### Directions for this task:
Print each entry precisely; exclude the pictures.

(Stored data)
========

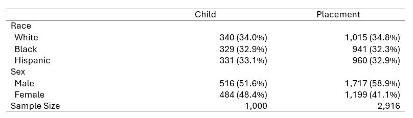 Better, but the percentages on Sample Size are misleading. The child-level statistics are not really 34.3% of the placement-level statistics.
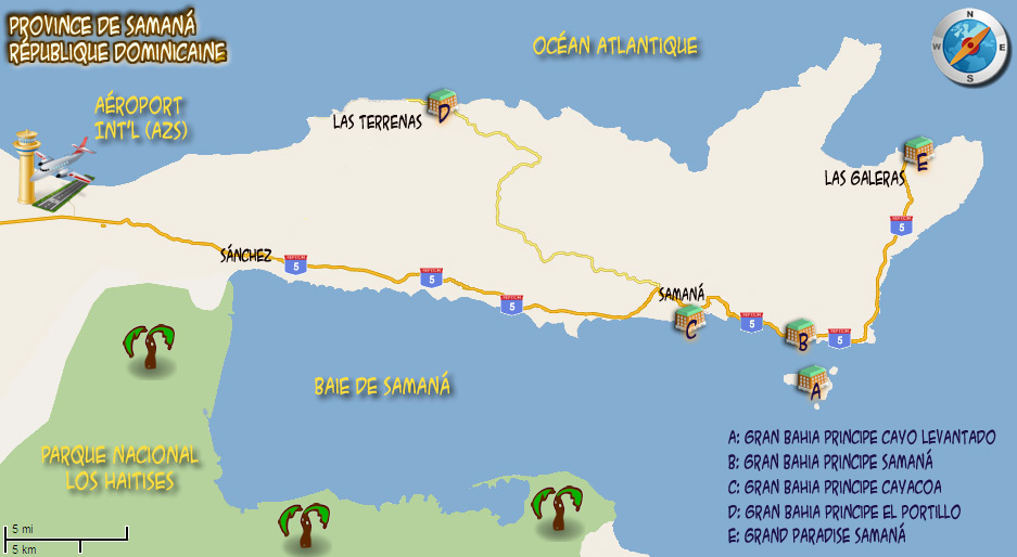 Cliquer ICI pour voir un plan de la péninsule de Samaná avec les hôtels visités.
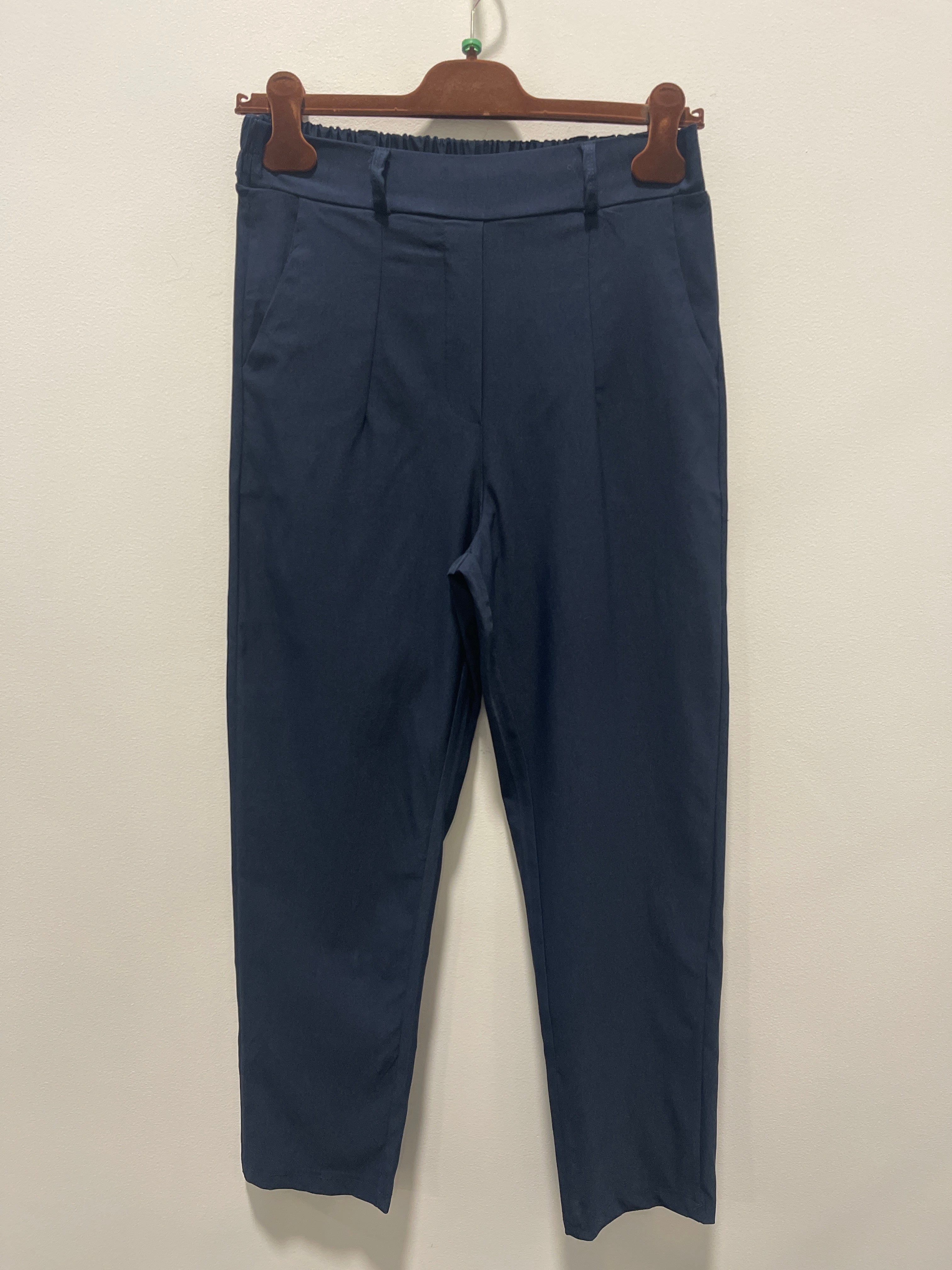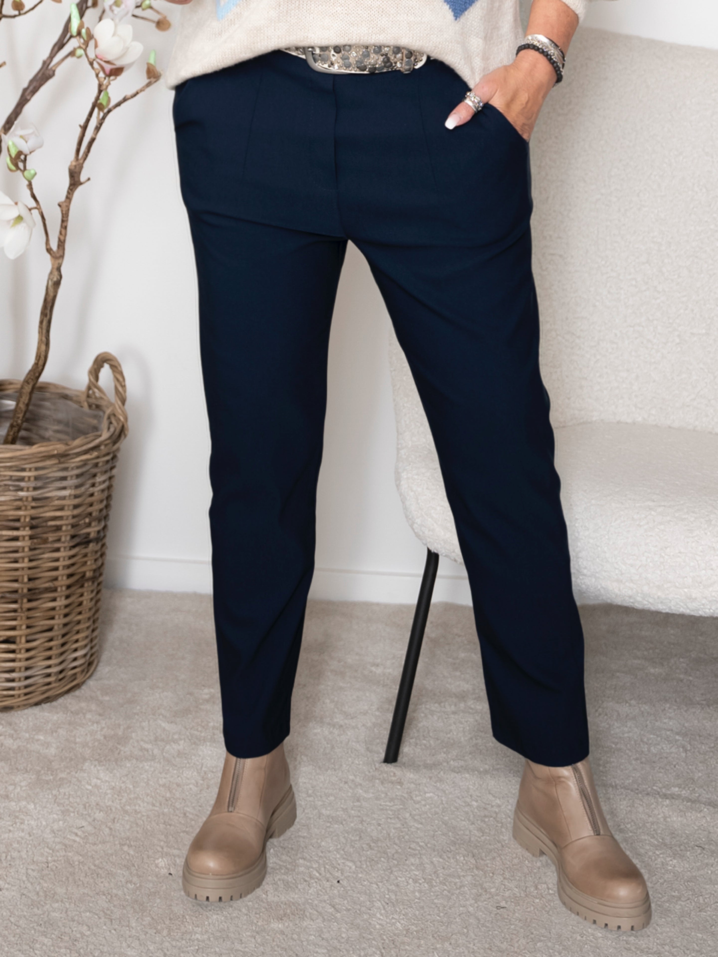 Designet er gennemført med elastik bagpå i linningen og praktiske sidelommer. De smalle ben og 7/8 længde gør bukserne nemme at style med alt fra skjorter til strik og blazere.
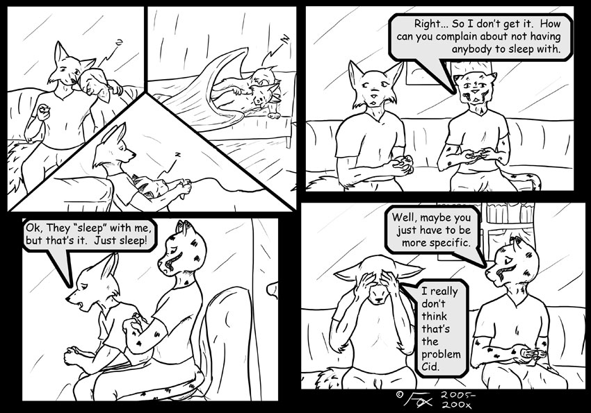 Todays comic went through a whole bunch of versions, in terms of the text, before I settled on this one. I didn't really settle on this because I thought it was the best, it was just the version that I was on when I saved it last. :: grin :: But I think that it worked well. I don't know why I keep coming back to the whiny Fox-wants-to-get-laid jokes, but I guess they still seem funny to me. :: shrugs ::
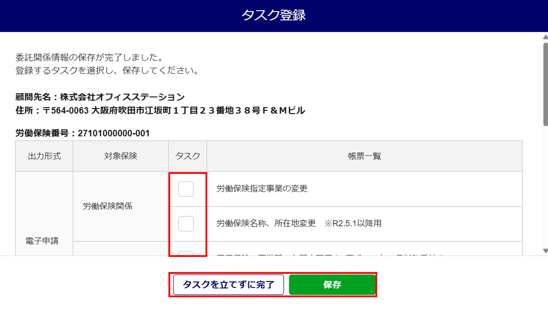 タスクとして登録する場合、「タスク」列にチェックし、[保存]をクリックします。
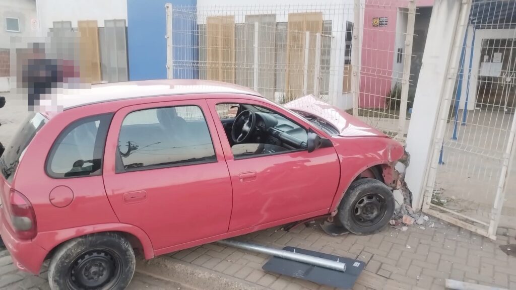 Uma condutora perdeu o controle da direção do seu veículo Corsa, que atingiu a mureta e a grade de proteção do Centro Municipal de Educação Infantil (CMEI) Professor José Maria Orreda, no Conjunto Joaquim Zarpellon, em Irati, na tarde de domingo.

========

### Response area:
 Better, but the percentages on Sample Size are misleading. The child-level statistics are not really 34.3% of the placement-level statistics.
 Cliquer ICI pour voir un plan de la péninsule de Samaná avec les hôtels visités.
 Designet er gennemført med elastik bagpå i linningen og praktiske sidelommer. De smalle ben og 7/8 længde gør bukserne nemme at style med alt fra skjorter til strik og blazere.
 Todays comic went through a whole bunch of versions, in terms of the text, before I settled on this one. I didn't really settle on this because I thought it was the best, it was just the version that I was on when I saved it last. :: grin :: But I think that it worked well. I don't know why I keep coming back to the whiny Fox-wants-to-get-laid jokes, but I guess they still seem funny to me. :: shrugs ::
 タスクとして登録する場合、「タスク」列にチェックし、[保存]をクリックします。
 Uma condutora perdeu o controle da direção do seu veículo Corsa, que atingiu a mureta e a grade de proteção do Centro Municipal de Educação Infantil (CMEI) Professor José Maria Orreda, no Conjunto Joaquim Zarpellon, em Irati, na tarde de domingo.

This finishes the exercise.